Manchmal scheint das Kind aber aus dem Schreien nicht mehr herauszufinden. Wenn sich das öfter wiederholt, kann dies Zeichen einer entwicklungstypischen Unreife sein. Als sogenanntes „exzessives Schreien“ wird definiert, wenn der Säugling schreit und ohne erkennbare Ursache lange Phasen der Unruhe zeigt, die von den Eltern weder verhindert noch wirklich beeinflusst werden können.
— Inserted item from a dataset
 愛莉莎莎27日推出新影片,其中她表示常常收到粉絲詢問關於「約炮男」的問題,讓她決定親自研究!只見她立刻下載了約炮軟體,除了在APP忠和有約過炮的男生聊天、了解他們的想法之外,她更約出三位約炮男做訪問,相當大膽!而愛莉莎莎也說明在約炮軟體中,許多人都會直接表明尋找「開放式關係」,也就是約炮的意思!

Viel ist über die Ursachen von exzessivem Schreien geforscht worden. Die Verdauungsstörungen, die auch zu der Bezeichnung „Dreimonatskoliken“ geführt haben, können zwar eine Rolle spielen, sind aber nur eine mögliche, eher untergeordnete Ursache von ausgeprägtem Schreien. Im Augenblick macht man eine Reifungsproblematik in neuronalen Regelkreisen für das Schreien verantwortlich. Erwähnenswert ist, dass das vermehrte Schreien in den ersten drei Lebensmonaten als weltweites Phänomen über viele Kulturen hinweg besteht.
Was können Sie tun?
In jedem Fall sollten Sie bei ausgeprägtem Schreien Ihre Kinderärztin aufsuchen, um organische Ursachen auszuschließen. Welche Strategien dann bei Ihrem Kind empfohlen sind, wird individuell besprochen werden.
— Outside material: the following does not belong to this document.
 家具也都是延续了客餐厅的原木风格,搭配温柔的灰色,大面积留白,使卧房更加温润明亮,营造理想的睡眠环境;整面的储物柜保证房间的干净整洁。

Allgemein empfohlen ist, Reize (Licht, Geräusche, Aktivitäten) zu reduzieren, eine Übermüdung des Kindes möglichst zu vermeiden und den Tag so zu strukturieren, dass der Ablauf für das Kind vorhersehbar wird. Es ist auch günstig, Phasen des Eltern-Kind-Spiels mit Phasen des eigenständigen Spiels abzuwechseln.
Beruhigend ist, dass in über 94% der Fälle das Schreien nach drei Monaten vorbei ist und sich die Kinder völlig normal entwickeln.